The details tab of a function displays the information about a random execution of
the function, including the name, duration, input parameters, return value, errors,
and internal functions. The internal function whose execution consumes the most time
is highlighted in red in the Timeline(ms) column.
- Optional:To drill down to an internal function, find the internal function and click Drill in in the Actions column.
The details tab of an internal function displays the information about the captured
execution of the internal function, including the name, duration, input parameters,
return value, errors, and deeper-level internal functions. The deeper-level internal
function whose execution consumes the most time is highlighted in red in the Timeline(ms)
column.
- To set filter conditions for capturing a specific function execution, perform the
following steps:
- On the details tab of the selected function, click Modify diagnostic parameters in the upper-right corner.
- In the Diagnostic parameter setting dialog box, set the parameters as required and click OK.
| Parameter |
Description |
Example |
| Only when an exception is thrown |
Specifies whether to capture only a function execution that returns an error. Valid
values:
- True: captures only a function execution that returns an error.

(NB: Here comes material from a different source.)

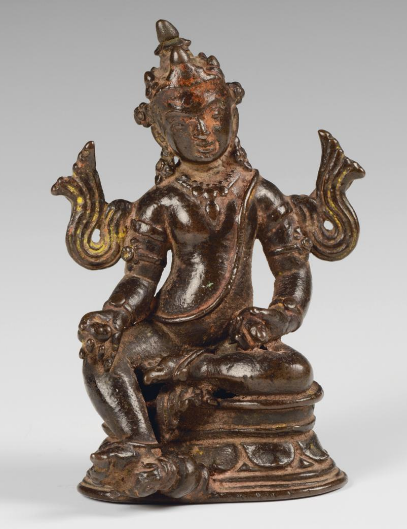 - NOTE : Yellow Jambhala is seated in lalitasana on a lotus pedestal. He holds a mongoose in his left hand and a fruit in his right. He is adorned with heavy bracelets, anklets and a broad bejewelled necklace, his head surmounted by a foliate crown, his right foot resting on a treasure. Konchog Lhundrub (1497 - 1557) outlines the iconography of the Yellow Jambhala in the One Hundred Methods of Accomplishment, stating 'Yellow Jambhala with one face and two hands. The right hand holds a bijapuraka [fruit] and the left a mongoose with jewels showering down. Two feet pressing down on a conch and lotus treasure. [He is] adorned with a blue utpala garland and jeweled ornaments.' (www.himalayanart.org) Yellow Jambhala wears ornaments similar to that of a bodhisattva. The iconography follows that of Yaksha figures in Indian art, and is similar to the appearance of the Four Guardian Kings in Tibetan art. Jambhala is worshipped as a wealth deity and rituals and meditations are done for the purpose of acquiring wealth. One ritual in particular, requires a physical representation, in the form of a small sculpture. The ritual involves pouring 108 offerings of water over the head of Jambhala, whilst reciting a short mantra.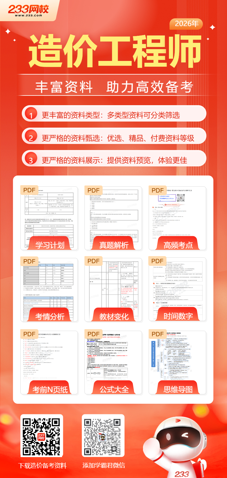 这600下载币,正是您备战2026一级造价师考试的关键启动资源。233网校造价资料包将定期上新学习计划、高频考点、时间数字计算公式、易错考点、思维导图、考前N页纸等备考资料!

- False: captures a function execution regardless of whether it returns an error.
|
False |
| Time consuming is greater than |
The execution duration. A function execution can be captured only when its duration
exceeds the specified value. Unit: ms.
|
30 |
| Object deserialization level |
The deserialization level of a function execution whose parameters and return value
are complex objects. A greater value indicates a deeper deserialization level, which
means that more internal fields of complex objects can be displayed.
|
5 |
| Add parameters |
The filter condition to set a limit on the parameters of a function execution. Example:
|
params[0].userId ; = ; 8753 |
- Click the
icon. Then, the details tab of the selected function displays the information about the
function execution that meets the filter conditions.
- Optional:To view the source code of the function, click View method source code in the upper-right corner of the details tab.